The money, which totaled $70,000, was needed to support the cash-strapped operations of Southern civil rights activists and came from Belafonte. They stuffed it into doctors’ bags to avoid suspicion, a ruse that proved only partially successful.
This was a dangerous task. Mississippi at the time represented a literal and metaphorical graveyard for ordinary Black Americans and civil rights activists. Emmett Till, the 14-year-old Black teenager from Chicago on vacation in the rural town of Money, Mississippi, had been lynched in 1955 by two White men for allegedly whistling at one their wives. Till’s open casket funeral became a gruesomely iconic symbol of racial violence during the era. Medgar Evers, a 37-year-old NAACP field secretary, was shot down outside his house by a White supremacist in the early hours of June 12, 1963, mere hours after President John F. Kennedy delivered a bravura speech in support of civil rights.
Of course, Poitier did make it out of Mississippi alive. The harrowing trip to Mississippi later was obscured by Poitier’s legendary public career as an actor, director and mentor. During the 1980s and 1990s, Poitier offered advice, encouragement, and wisdom to a new generation of Black stars, including Denzel Washington and Will Smith.

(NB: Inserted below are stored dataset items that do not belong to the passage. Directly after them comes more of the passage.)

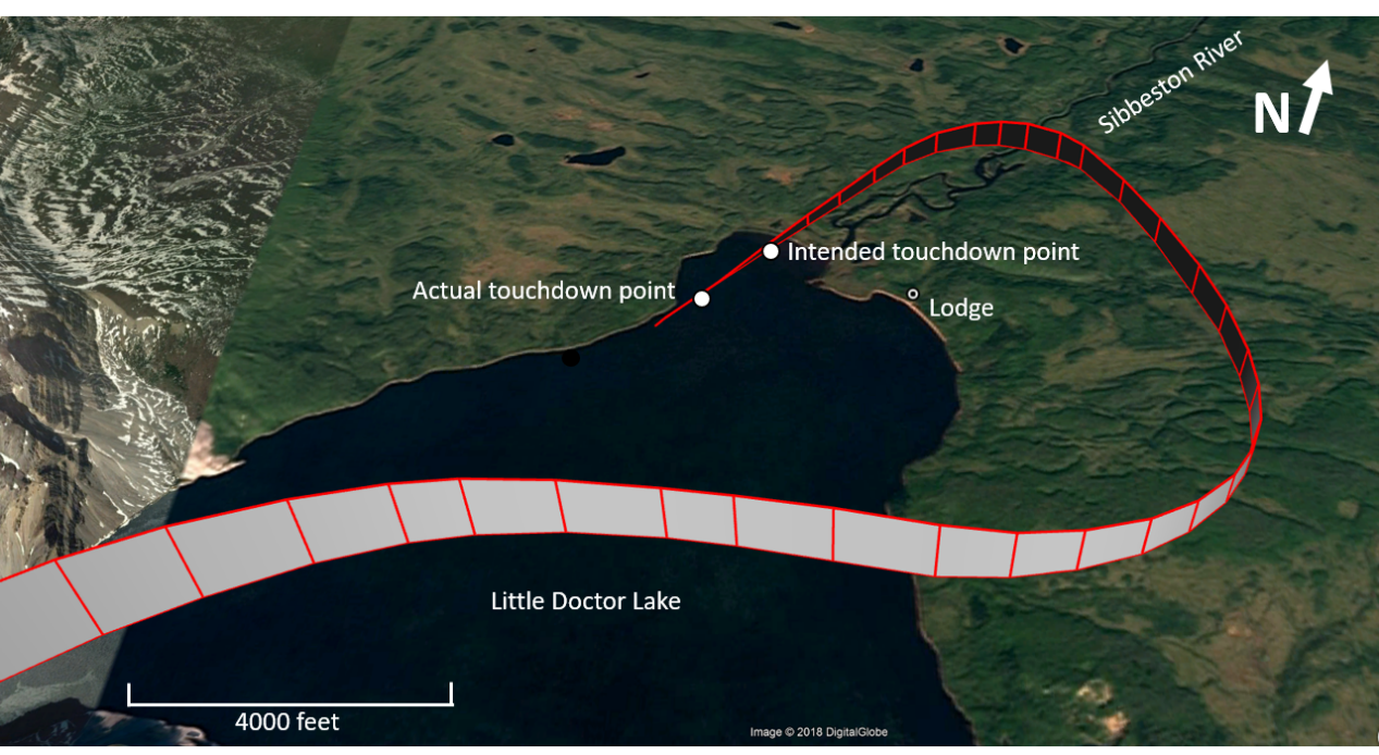 The destination of the occurrence flight, Little Doctor Lake, is susceptible to unpredictable winds, resulting in significant wave action, due to a gap in the mountain range on the west side of the lake. With this in mind, the pilot chose to fly through the gap in the mountains, circle to the south, and then around the eastern shore to get a good look at the surface of the lake. The intention was to land in a bay in the northern corner of the lake. This allowed a descent over the Sibbeston River, leading to a touchdown in the bay, which generally had calmer conditions than the main body of the lake and was not affected by strong airflows out of the gap in the mountain range.
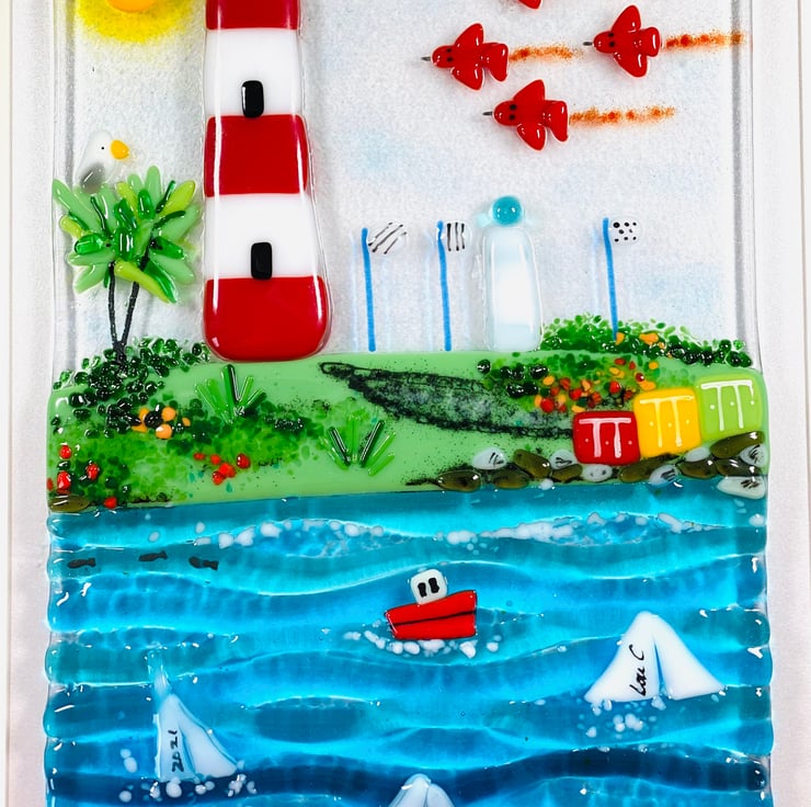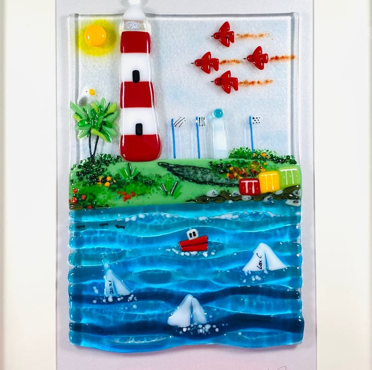 Fused glass art framed picture of smeatons tower and Plymouth seafront with red arrows . All fused glass hand made glass . Contoured and beautifully light reflective 17 inch x 12 inch frame size . Strung for easy wall hanging .
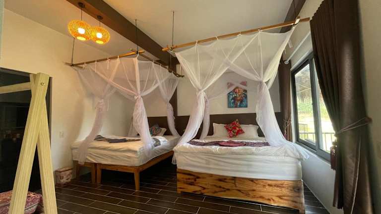 Das Vu Linh Palm House Eco Homestay in Yen Bai ist der perfekte Ort für Reisende, die eine naturnahe Unterkunft suchen und die Schönheit der Umgebung genießen möchten. Mit einem schönen Garten, einer Terrasse und kostenfreiem WLAN bietet diese Unterkunft alle Annehmlichkeiten, die Sie für einen angenehmen Aufenthalt benötigen. Die Zimmer sind komfortabel eingerichtet und bieten einen herrlichen Blick auf den Garten oder den See. Genießen Sie ein köstliches asiatisches, vegetarisches oder veganes Frühstück und erkunden Sie die Umgebung.

Poitier’s political risk-taking on behalf of freedom’s cause represents a generational legacy that continues today. Black actors, celebrities and entertainers who support the Black Lives Matter Movement, voting rights and racial justice — whether behind the scenes or in more vocal ways — owe a debt to Poitier and the work he did in front of the camera and when the Hollywood klieg lights were turned off.